Pembicara berganti menjadi pak Yasno yang membahas perihal SPP dan uang gedung serta pembahasan mengenai administrasi lainnya, apakah beliau merangkap menjadi TU? Entahlah.
Pak Yasno membutuhkan waktu setengah jam sebelum akhirnya menutup pembicaraan dan membuat para siswa melakukan oeregangan ringan karena pegal.
Mereka mengira Pak Yasno adalah orang terakhir yang memberikan pengumuman, namun nyatanya mereka salah. Ada pak Puji yang memberikan pengumuman terakhir.
" Saya akan memberikan pengumuman perihal kegiatan rutin STM Taruna yaitu ketahanan sekolah atau biasa disebut Hansek," ujar Pak Puji yang membuat siswa siswi menjadi hening.
" Kegiatan ketahanan sekolah dilaksanakan untuk mendidik karakter siswa agar siap untuk mempertahankan STM Taruna dalam keadaan apapun."
Memang sekolah ini mau di bom atau di demo orang lain? Jika kegiatannnya untuk mendidik karkter,cukup katakanlah pendidikan karakter.
" Waktu pelaksanaannya setelah Ujian Akhir semester selesai, kalian akan dibentuk beberapa kloter dan berangkat sesuai kloter menuju rindam yang ada di Magelang, Jawa Tengah," ujar guru itu yang membuat Luna takjub
Magelang? Jauh sekali, pasti akan menyenangkan. Apalagi Luna tidak jadi jalan jalan dengan temannya ke candi candi yang ada disana.
" Untuk biaya dan waktu pelaksanaan, akan di sebarkan melalui wali kelas masing masing, setelah UAS kalian akan dikumpulkan lagi untuk pembahasan teknis dan perkap, sekarang kalian boleh meninggalkan tempat ini."
" DUDUK SIAP GRAK!! POSISI BERDIRI!!" Seru Pak Puji yang membuat siswa menegakkan punggung mereka.
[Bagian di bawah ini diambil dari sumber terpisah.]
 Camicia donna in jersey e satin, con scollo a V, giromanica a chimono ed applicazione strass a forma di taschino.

" SIAP!" Jawab seluruh siswa dengan serentak.
" LAKSANAKAN!"
" TARUNA, JAYA!" Seru seluruh siswa sambil berdiri tegak, mereka sudah diajari sikap ini saat pertama masuk ke sekolah ini, sudah menjadi semacam tradisi.
Lebih dari lima ratus siswa dalam ruangan itu meninggalkan tempat itu dengan rapi dan urut, meski mulut mereka tak tahan untuk mengoceh sehingga suasana menjadi ramai dan riuh
" Kantin dulu yok guys," ujar Farisa kepada teman temannya.
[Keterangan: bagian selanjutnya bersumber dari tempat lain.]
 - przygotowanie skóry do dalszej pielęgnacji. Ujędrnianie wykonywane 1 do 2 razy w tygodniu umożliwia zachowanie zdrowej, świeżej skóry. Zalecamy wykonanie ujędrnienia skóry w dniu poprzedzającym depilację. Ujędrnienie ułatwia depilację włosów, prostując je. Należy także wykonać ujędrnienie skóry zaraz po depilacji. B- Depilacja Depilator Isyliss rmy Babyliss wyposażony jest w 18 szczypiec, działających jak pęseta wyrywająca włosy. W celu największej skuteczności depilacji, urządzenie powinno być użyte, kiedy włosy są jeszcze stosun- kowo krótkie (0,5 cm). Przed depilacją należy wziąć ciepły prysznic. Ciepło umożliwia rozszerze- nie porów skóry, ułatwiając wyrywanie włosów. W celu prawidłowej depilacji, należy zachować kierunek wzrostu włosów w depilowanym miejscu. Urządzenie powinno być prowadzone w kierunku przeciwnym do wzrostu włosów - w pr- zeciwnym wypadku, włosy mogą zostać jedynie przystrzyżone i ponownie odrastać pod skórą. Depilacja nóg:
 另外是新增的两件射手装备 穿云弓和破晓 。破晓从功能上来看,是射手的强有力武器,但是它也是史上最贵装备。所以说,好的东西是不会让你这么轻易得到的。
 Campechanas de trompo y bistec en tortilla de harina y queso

" Lah kalu nanti ada guru gimana? " Tanya Ghea sedikit panik karena tidak pernah membolos kelas sebelumnya.
" Santai aja kalik, habis ini pelajaran Bu Yani, orangnya santai. Lagian gue sih yakin dia gak akan masuk," ujar Farisa dengan santai.
Mereka mengangguk dan menyetujui ide Farisa yang menggiurkan dan tentu mengenakkan bagi mereka. Ke enam anak itu berjalan menuju kantin dengan riang, saling bersenda gurau satu sama lain.
Mereka sampai di kantin dan langsung memesan minuman dan makanan kesukaan mereka, sembari menunggu merekapun melanjutkan obrolan mereka yang seru.
" Eh guys! Lagi ramai di grub ghibah Darrel!" seru Resya tiba tiba setelah melihat ke ponselnya. Para penggemar Darrel sering mengubah Nama grub sesuka hati hingga akhirnya diganti dengan nama tersebut
" Apaan?" tanya Ghea dengan antusias, jika sudah membahas Darrel, pastilah akan ramai.
" Dia keciduk pakai cincin si jari manis tangan kiri!" seru Resya dengan heboh.
" Hah? Dia udah nikah?" tanya Ghea dengan kaget.
" Bukan, bego! dia tunangan!" seru Resya lagi, sesaat kemudian gadis itu tampak lesu, mereka serempak melihat ke arah Luna, mereka saling pandang dan mengangguk lalu dengan sigap mengambil kedua tangan Luna dan memeriksanya.
" Kok gak ada?!" tanya Ghea dengan sebal, padahal mereka mengira Luna yang memakai pasangan cincin itu.
" Lah? Apa hubungannya sama gue? " tanya Luna dengan heran, meski dia tahu yang mereka maksud.
" Ya kan Lo yang deket sam dia, siapa tahu Lo yang jadi tunanganya," ujar Resya menjelaskan maksud perlakuan mereka.
" Kan gue pernah bilang, Kak Darrel itu sahabatnya abang gue, " ujar Luna dengan wajah malasnya, membuat Resya dan Ghea memanggut manggutkan kepalanya.
" kalau gue tahu ceweknya, pasti gue pites tuh cewek dan rebut tuh cincin biar gue jadi tunanganya," ujar Resya dengan gemas
" Boleh lah Lo jadi tunangan, tapi gue jadi istrinya, hahahha," ujar Ghea dengan senang.
Luna hanya melihat keduanya dengan heran, nasib baik mereka tidk tahu kekasih Darrel ada disini, kalau tidak, habislah Luna.